A bank employee noticed that "money was flying out of the account," Takacs said, and because there was a conservatorship in place, contacted the Probate Court, where Judge Daniel Caruso put a freeze on the account and contacted police.
"It was an astounding number of checks," Takacs told the Fairfield Citizen. "In a one-year period there were 373 checks drawn on their account. Out of the 373 checks, 356 were written to [Jamshidian], the deli or to cash."
The checks made out to cash were endorsed by Jamshidian. In total, police allege, Jamshidian stole $218,408 from the siblings.
Takacs said Jamshidian declined to be interviewed by police. "I'm pretty sure there are other residents out there who might be victims" of Jamshidian, he said, and urged anyone who believes they may have been taken advantage of by Jamshidian's to call him at 203-254-4840.

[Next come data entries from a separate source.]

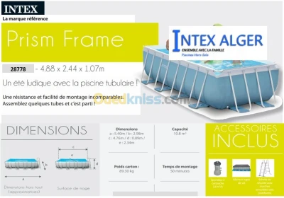 Piscine Piscine hors sol Intex Prisme Frame -488x244x107cm-(26778) Les accessoires essentiels sont fournis : ------------------------------------------------------ Tous les modèles de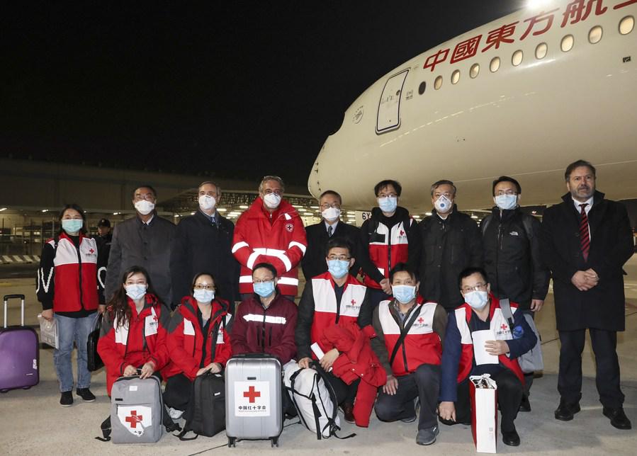 Chairman of Italian Red Cross Francesco Rocca (6th R, back) poses for photos with members of Chinese aid team at Fiumicino Airport in Rome, Italy, March 12, 2020. (Xinhua/Cheng Tingting)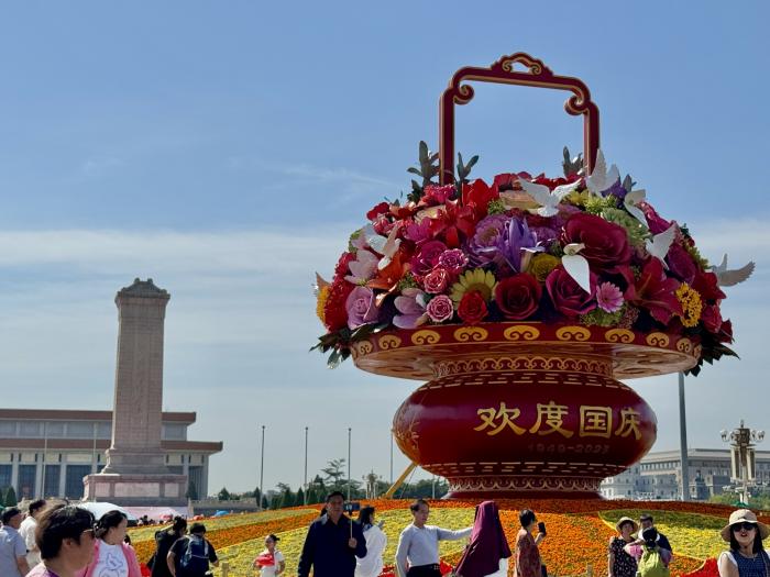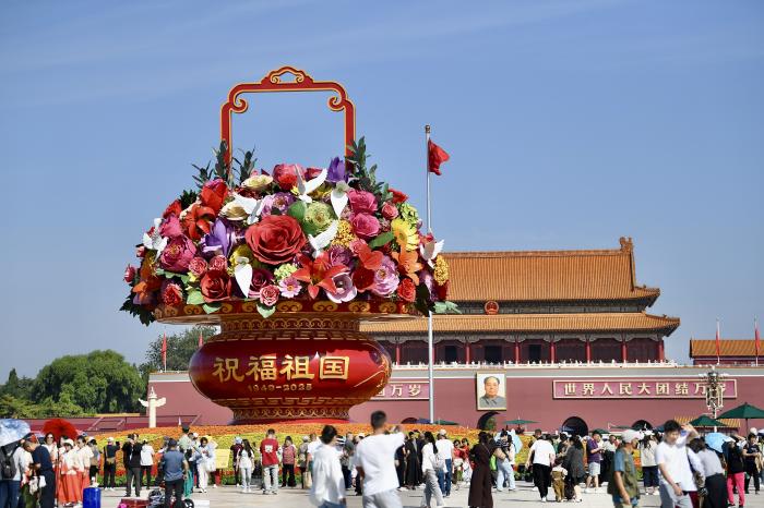 天安门广场祝福祖国花篮亮相 传递对新中国成立76周年的祝福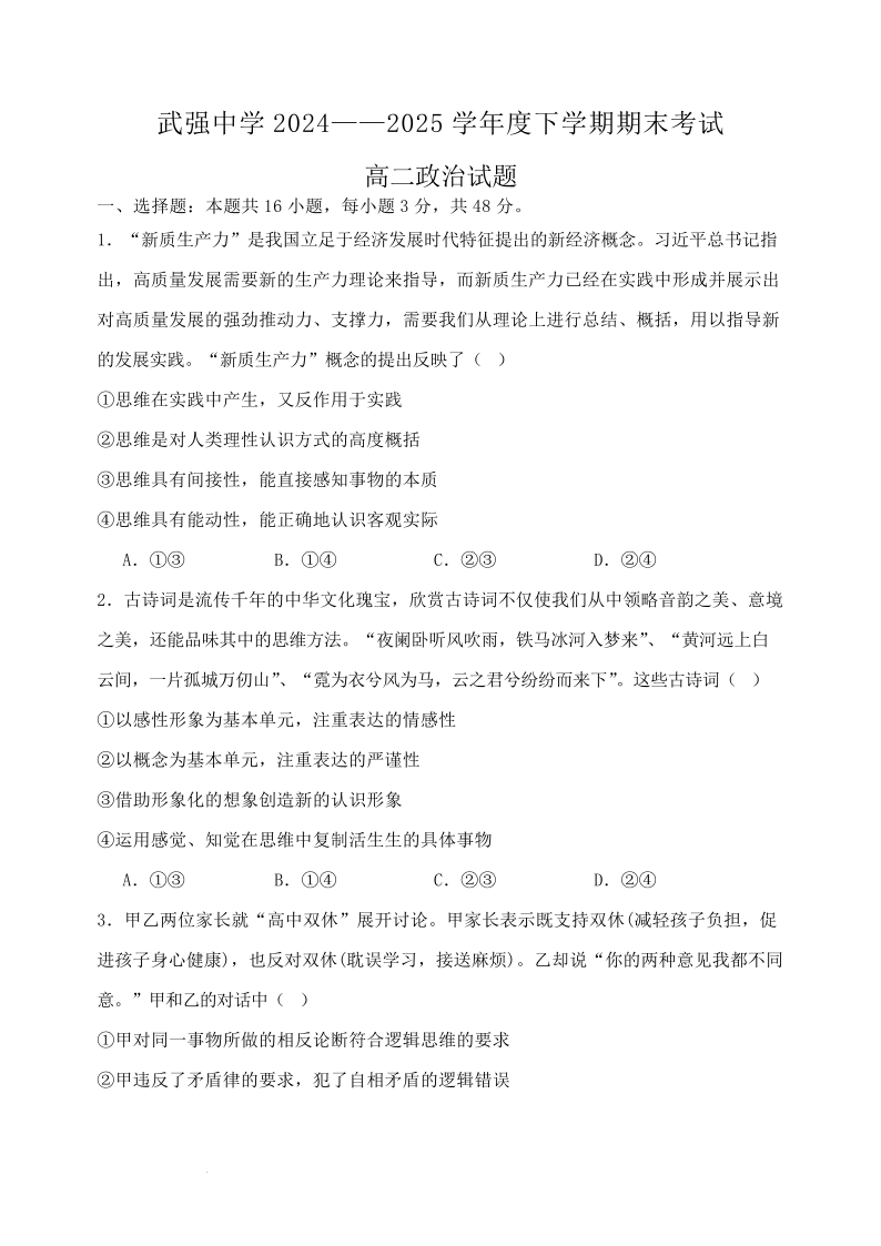 河北省衡水市武强中学2024-2025学年高二下学期期末考试 政治试卷(含答案).pdf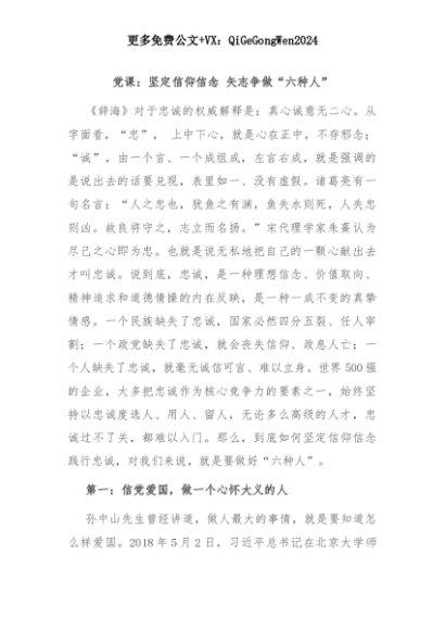 【七哥公文】2025年:党课:坚定信仰信念 矢志争做“六种人”+更多免费公文+VX:QiGeGongWen2024+更多免费公文+VX:QiGeGongWen2024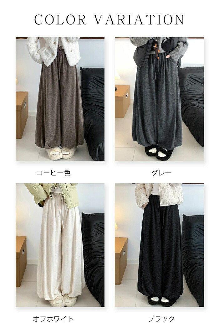 裏起毛 バルーンパンツ レディース 裏 ボトムス パンツ 新登場! コーヒー色 グレー オフホワイト ブラック S M L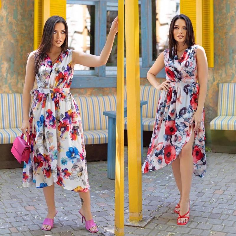 Модель 805 Сарафан на запах Розміри з бирки норма: 1 (42-44); 2(46-48); 3(50-52) Тканина: софт Колір: білий, небесно блакитний + принт Неймовірно жіночний, легкий і ніжний сарафан на запах стане чудовим варіантом для створення літнього романтичного образу. Параметри: Розмір з бирки 1 (42-44) Об'єм грудей: 94-98 см Талія: 76-80 см Довжина: 112 см Розмір з бирки 2 (46-48) Об'єм грудей: 98-104см Талія: 80-84 см Довжина: 116 см Розмір з бирки 3 (50-52) Об'єм грудей: 104-108 см Талія: 84-88 см Довжина: 120 см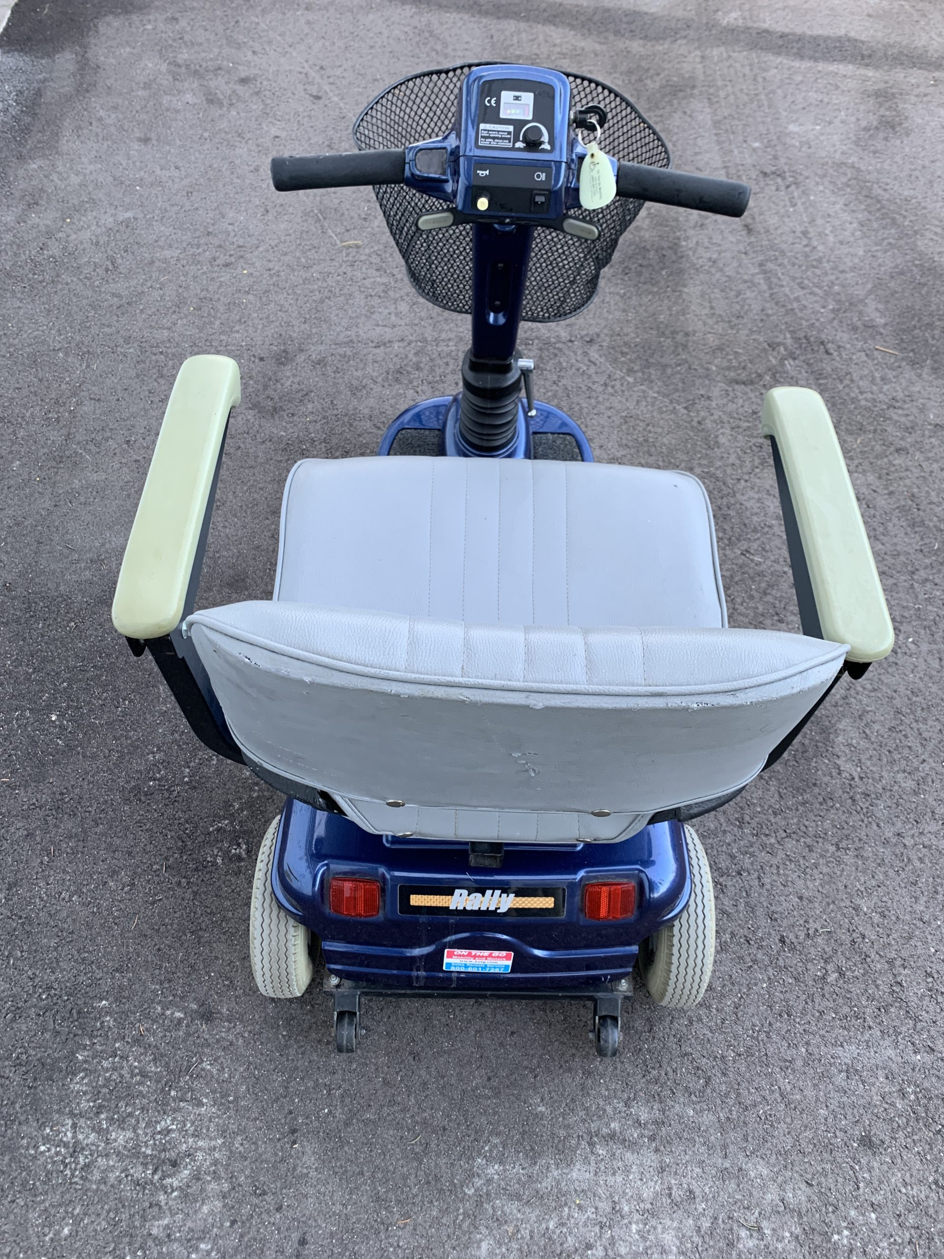 Great maneuverability around doorways, hallways and residential settings. Offers a smooth ride with forward, reverse, fast and slow speeds. Has a basket on front for carrying personal belongings. Can also be used outdoors for short trips to grocery stores.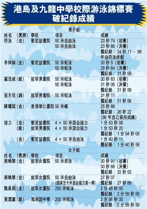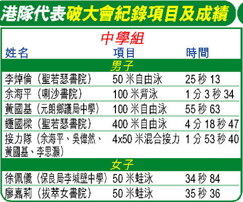 港隊共刷新七項大會紀錄,更包辦中學組男、女子四乘五十混合接力泳金牌。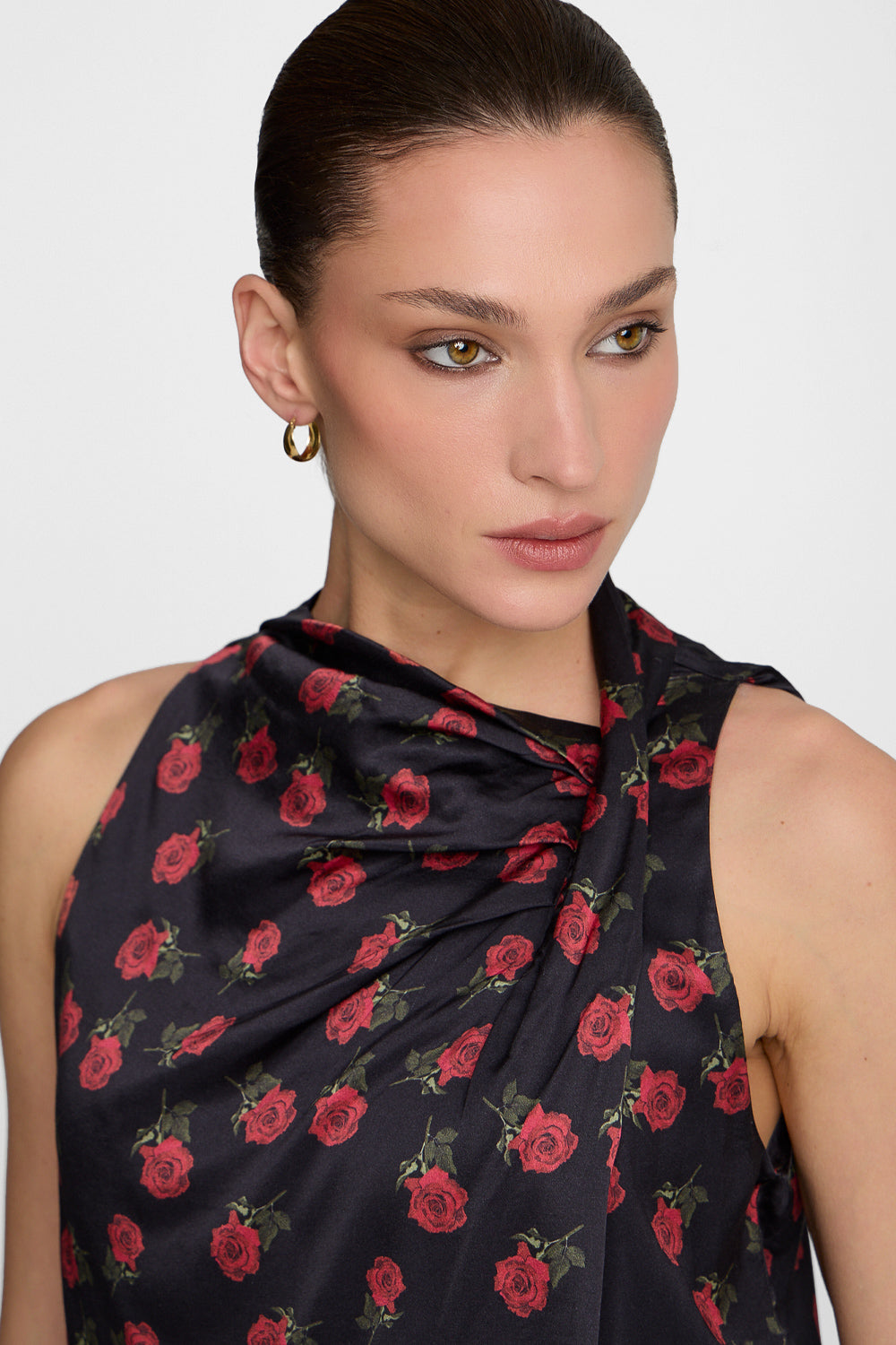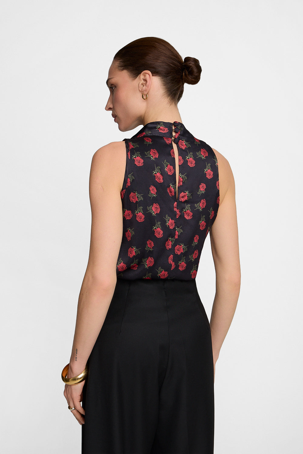 Top Miss Rosa Black to wyjątkowo uniwersalna i kobieca propozycja, która łączy modowy charakter z ponadczasową elegancją. Czarna baza z wyrazistym printem czerwonych róż tworzy klasyczne, a jednocześnie efektowne zestawienie, dzięki któremu top doskonale odnajduje się w wielu stylizacjach – od codziennych po bardziej eleganckie.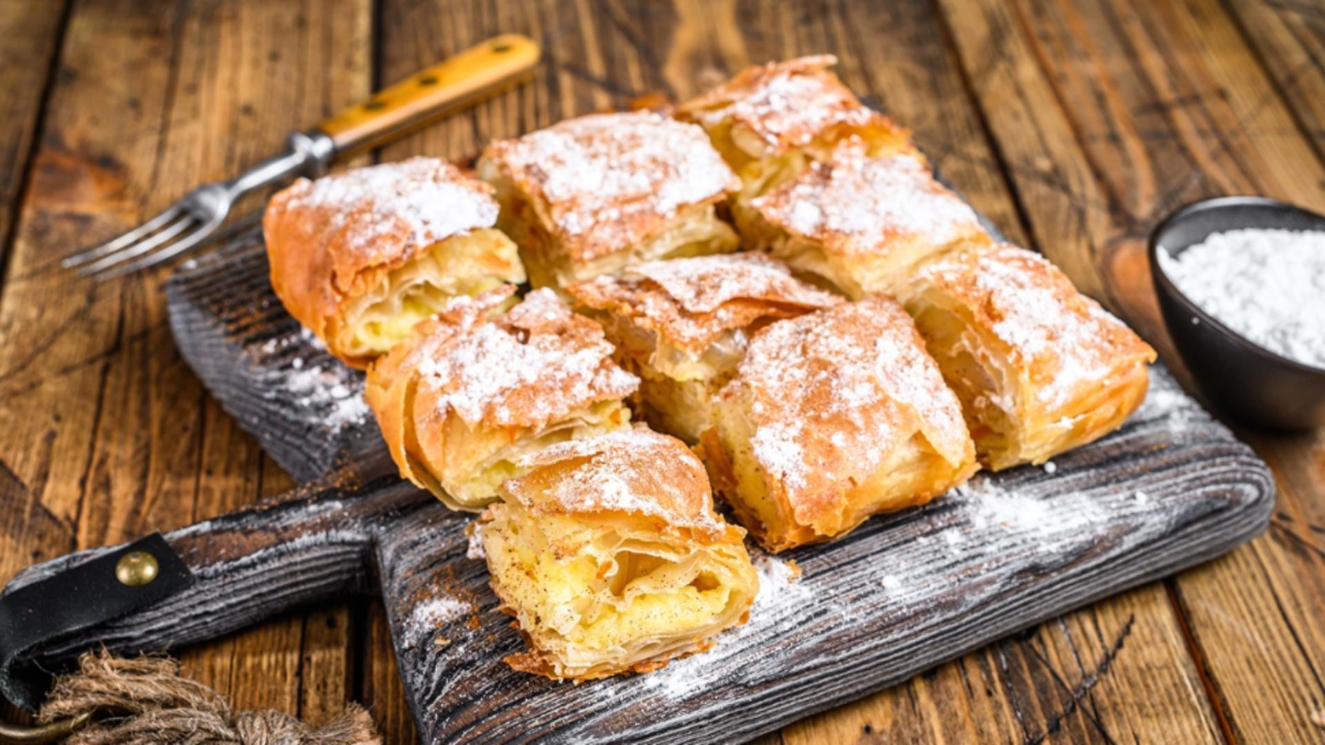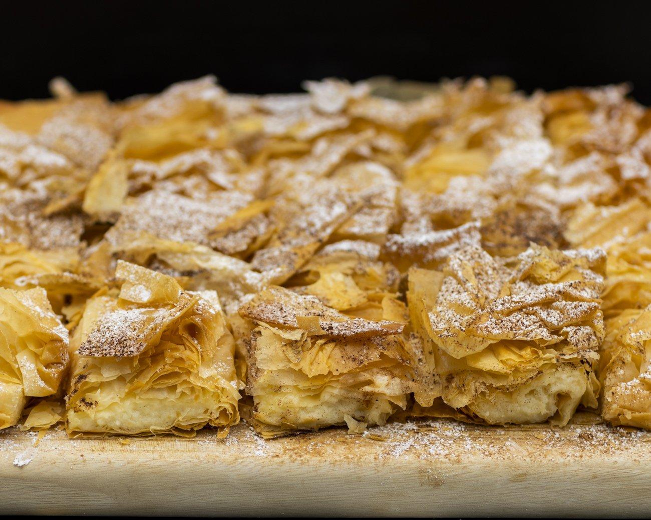 When speaking of Cypriot pastries, one cannot overlook bougatsa (μπουγάτσα). It's important to note that, unlike in some parts of Greece—where bougatsa can be filled with cheese or meat—on Cyprus, it is predominantly known as a sweet pie with delicate custard filling.

A lawyer has been appointed by the Probate Court to file a civil suit to recoup the scammed money for the siblings, who have all been relocated to new living quarters with the assistance of the town's Social Services Department, Tackacs said.
"This was definitely a cooperative effort here," said police Sgt. Suzanne Lussier, a department spokeswoman. "Not only with the criminal element, but the human aspect as well."
Jamshidian was released on a $50,000 bond and is scheduled to appear May 24 in Bridgeport Superior Court.